The regulator found that prima facie it amounted to an abuse of dominance and a violation of the provisions that prohibit dominant entities from imposing unfair and discriminatory conditions in contracts.
The CCI also examined a clause in the Tata Motors dealership agreement which says that the dealer shall not start, acquire or indulge in any new business of product or services even if it is not related to the automobile industry.
"The Commission is prima facie of the opinion that such clause is an unfair imposition upon the dealers besides resulting in denial of market access to the dealers to other markets," the CCI observed and said that the matter requires an in-depth investigation.
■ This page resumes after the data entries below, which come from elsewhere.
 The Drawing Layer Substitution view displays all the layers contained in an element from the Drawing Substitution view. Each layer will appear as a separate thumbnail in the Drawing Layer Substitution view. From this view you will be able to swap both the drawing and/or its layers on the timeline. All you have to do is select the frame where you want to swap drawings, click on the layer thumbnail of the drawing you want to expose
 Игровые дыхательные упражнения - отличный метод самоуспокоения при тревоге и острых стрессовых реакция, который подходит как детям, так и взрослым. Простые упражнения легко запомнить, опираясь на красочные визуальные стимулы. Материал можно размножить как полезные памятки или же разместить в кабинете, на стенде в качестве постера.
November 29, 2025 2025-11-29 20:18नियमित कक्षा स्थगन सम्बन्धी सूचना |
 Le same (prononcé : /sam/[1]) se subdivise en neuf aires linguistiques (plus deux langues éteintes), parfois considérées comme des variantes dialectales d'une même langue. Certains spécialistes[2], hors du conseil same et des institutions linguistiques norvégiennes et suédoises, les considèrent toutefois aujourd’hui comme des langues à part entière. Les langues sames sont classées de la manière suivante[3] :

According to the regulator, certain clauses in the dealership agreement could harm competition. Specifically, the clause that restricts and confines dealers to the allotted territory. The territory, as per the complaint, could be extended or curtailed simply by oral instruction from Tata Motors.
The Commission said that such a clause has the potential to create barriers to new entrants in the restricted market besides having the consequence of foreclosing of competition by hindering entry into the market. The regulator found this to be a violation of the competition law provision that prohibits exclusive distribution agreements.